Other hereditary diseases and peculiarities

Hereditary diseases in endogamous populations

Genetically determined disposition

Various diseases, disabilities and peculiarities are not hereditary in the sense of a classic hereditary disease, but their occurrence can be caused by a (sometimes familial) genetic disposition (disposition, susceptibility). These include B .:

Allergies , various

Creutzfeldt-Jakob disease

depression

Diabetes mellitus

Big toe deviation ( Hallux valgus )

Hair loss

Heart defect

Heart attack

Various cancers (see guidelines for diagnosing genetic predisposition to cancer on the website of the German Medical Association)

Lactose intolerance

malignant hyperthermia

migraine

Multiple sclerosis (MS)

Forms of trisomy ( disposition to develop a translocation trisomy in offspring if there is a " balanced translocation " of the corresponding chromosome in parents without the respective form of trisomy)

Vitiligo

Web links

Wikibooks: Clinical Human Genetics - Learning and Teaching Materials

Wiktionary: Hereditary disease - explanations of meanings, word origins, synonyms, translations

Individual evidence

^ Ulrich Weber: Biology upper level. Total band. Cornelsen, Berlin 2001, ISBN 3-464-04279-0 , pp. 180-182.
↑ Ensembl database , accessed on February 11 2017th
↑ JE Wraith: Ornithine Carbamoyltransferase deficiency. In: Archives of Disease in Childhood . January 2001, Volume 84, No. 1, pp. 84-88: Review. PMID 11124797 .
^ Werner son: Hereditary diseases. In: Werner E. Gerabek , Bernhard D. Haage, Gundolf Keil , Wolfgang Wegner (eds.): Enzyklopädie Medizingeschichte. De Gruyter, Berlin / New York 2005, ISBN 3-11-015714-4 , p. 366 f .; here: p. 366.
↑ Wolfgang Ayaß : "Asocial offspring is completely undesirable for the national community". The forced sterilizations of social outsiders . In: Margret Hamm (ed.): Unworthy of life - destroyed lives. Forced sterilization and "euthanasia". Publishing house for academic writings (VAS), Frankfurt am Main 2005, ISBN 3-88864-391-0 , pp. 111-119.

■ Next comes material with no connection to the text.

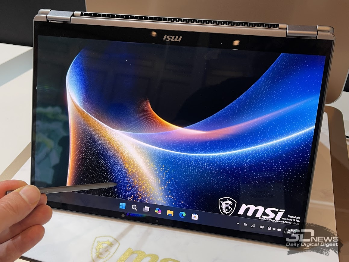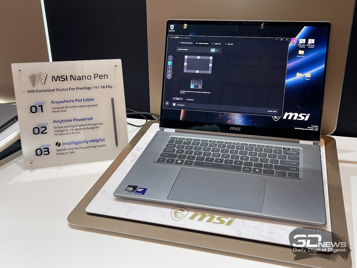 Prestige 14 Flip AI+ и Prestige 16 Flip AI+ дополняют линейку форм-фактором 2-в-1: здесь используются сенсорные OLED-дисплеи, раскрывающиеся на 360°, и поддержка фирменного цифрового пера MSI Nano Pen, которое удобно хранится в корпусе. Стилус быстро заряжается (15 секунд обеспечивают до 45 минут работы) и интегрирован с Microsoft Copilot — всё это делает «флипы» выбором для тех, кто работает с графикой или предпочитает рукописные пометки.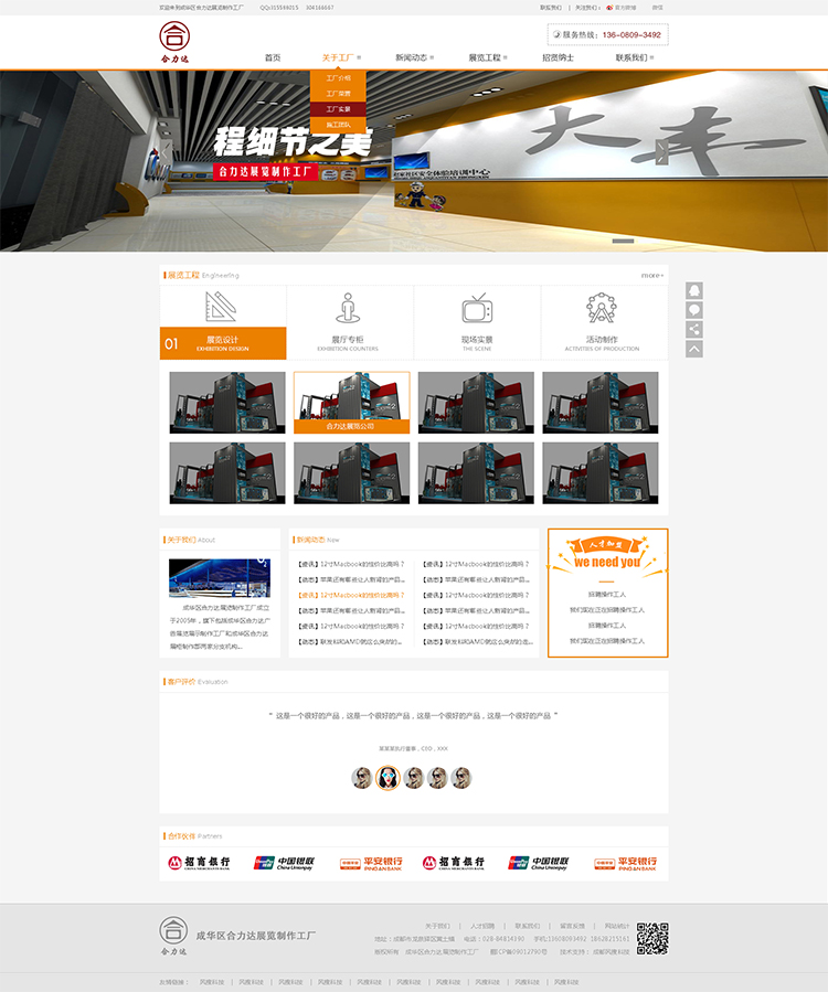 成都合力达展览展示制作有限公司成立于2005年,是一家纯制作公司.旗下包括成都合力达广告展览展示制作工厂和成都合力达展柜制作部两家分支机构。公司是专业从事展览展示、展厅、展柜、专卖店、商业空间、户外发布等施工为一体的展示制作服务公司。(成都成华区展览工厂)

[1] Ulrich Weber: Biology upper level. Total band. Cornelsen, Berlin 2001, ISBN 3-464-04279-0 , pp. 180-182.

[2] Ensembl database , accessed on February 11 2017th

[3] JE Wraith: Ornithine Carbamoyltransferase deficiency. In: Archives of Disease in Childhood . January 2001, Volume 84, No. 1, pp. 84-88: Review. PMID 11124797 .

[4] Werner son: Hereditary diseases. In: Werner E. Gerabek , Bernhard D. Haage, Gundolf Keil , Wolfgang Wegner (eds.): Enzyklopädie Medizingeschichte. De Gruyter, Berlin / New York 2005, ISBN 3-11-015714-4 , p. 366 f .; here: p. 366.

[5] Wolfgang Ayaß : "Asocial offspring is completely undesirable for the national community". The forced sterilizations of social outsiders . In: Margret Hamm (ed.): Unworthy of life - destroyed lives. Forced sterilization and "euthanasia". Publishing house for academic writings (VAS), Frankfurt am Main 2005, ISBN 3-88864-391-0 , pp. 111-119.